Fakat bu gün burada hepinizle tanışma ve EFA’yı temsil etme fırsatına sahip olduğum için çok mutluyum. EFA’ya 2022 yılının başında Siyasi Danışman pozisyonunda katıldığım için çoğunuzla ilk kez tanışıyorum. Sadece altı ay oldu, ancak çok hareketli bir altı aydı bu. Bu zaman dilimi, sadece sizin değil, Avrupa çapında pek çok self determinasyon (kendi kaderini tayin etme) mücadelesini yakından görmemi sağladı. Ve şunu söylemeliyim ki, Yunanistan’daki Türk azınlığın tanınma mücadelesi bazı açılardan oldukça aşina olduğumuz bir durum. Avrupa’da benzer sorunlarla mücadele eden pek çok topluluk var ve burada dayanışma içinde olduğumuzu belirtmekten mutluluk ve gurur duyuyoruz.
Ayrımcılık, tanınmama, önyargı, devlet müdahalesi veya düşmanlık... bunların hepsi üye partilerimizin çoğu için yüzleşilen gerçeklerdir.
Ben, bir İskoçyalı olarak Dr. Sadık Ahmet’in hikayesinden çok etkilendim. Aslında benim ve İskoç bağımsızlığının diğer destekçileri için oldukça tanıdık bir hikaye bu. Şöyle ki: bazı yönleriyle İskoçya, EFA’da yer alan başarı öykülerinden biridir. İngiliz devleti, sonucu başarısız olsa bile, 2014’te bağımsızlık referandumu yapmamıza izin vermiştir. Ancak, bazı çok şüpheli durumlar da dahil olmak üzere, İngiliz devleti tarafından uzun bir dönem engel koyma, muhalefet ve müdahale durumlarıyla karşı karşıya kaldık. 1970’lerde, avukat ve önde gelen İskoç bağımsızlık destekçisi Willie McRae, İskoçya Dağlık Bölgesi’nde arabasında ölü bulunmuştur. Bizlere intihar ettiği söylendi: kendisini başının arkasından vurmuş. İki defa. Ve kendini vurduktan sonra da silahı arabadan birkaç yüz metre ötedeki bir dereye atmış. İmkansız bir hikaye, özellikle de İngiliz siyasetçilerle ilgili uygunsuz materyallere sahip olabileceği düşünülürse. Ancak bugüne kadar ölümü intihar olarak kayıtlara geçmiştir. Neredeyse tüm üye partilerimizin buna benzer hikayeleri var. Sadece birkaç ay önce Katalonya’da, Genel Sekreterimiz ve Parlamento Üyesi Jordi Sole'de dahil olmak üzere neredeyse bağımsızlığı destekleyen tüm siyasetçilerimizin Pegasus casus yazılımı tarafından hedef alındığını ve telefonlarının izlendiğini öğrendik.

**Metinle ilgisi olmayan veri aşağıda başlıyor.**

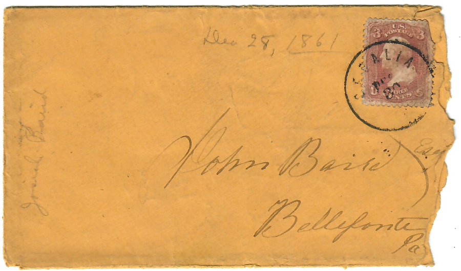 On May 11, 1858, Josiah wrote a letter to his father from Clearfield, Pa. It reads in part: “I take up my pen to inform you how I am getting along in the getting ready to go West. Times is a great deal harder than I thought or when I was to see you last. I have fell short considerably of what I expected to go West with. I have tried to get money on a loan. I offered 15% but could not raise it. If you could raise me $50 for 3 or 4 months, I would be willing to pay 10% rather than not get it. I have a lien that I can half collect in 4 months which I could raise the money for you in that time. I have rented my house and has taken no work so I am obliged to do something. I can’t afford to pay board and do nothing. There is no work to be had now. Had I known this 2 months ago I might have had some jobs. We are all well. Mary joins in sending her love to you, John & Hannah. Nothing more but remains. Your affectionate son, Josiah Baird”

Tüm bunlara rağmen EFA, devletin bazen bize karşı savaş açmasının aksine, devlete karşı savaşmaya yeltenen bir parti değildir. Kendimizi, özerklik haklarımızı elde etmenin tek yolunun barışçıl, adil, işbirliğine dayalı ve demokratik yollardan geçtiğine inanıyoruz. Geçmişi arkamızda bırakıp şu anki gerçeklere odaklanmaktan yanayız. Birçok durumda gerçeklerin gösterilmesi hala zor olsa da.
DEB Partisi ile yaptığımız çalışmalar her zaman verimli ve cesaret verici olmuştur: Avrupa düzeyinde sizin adınıza ne zaman bir adım atsak, medyanın büyük ilgisini çekiyor. Birkaç ay önce Avrupa Eşitlikten sorumlu Vekiline okullarınızdaki durumla ilgili endişelerimizi dile getiren bir mektup gönderdik. Bu Avrupa çapında medyanın ilgisini çekti.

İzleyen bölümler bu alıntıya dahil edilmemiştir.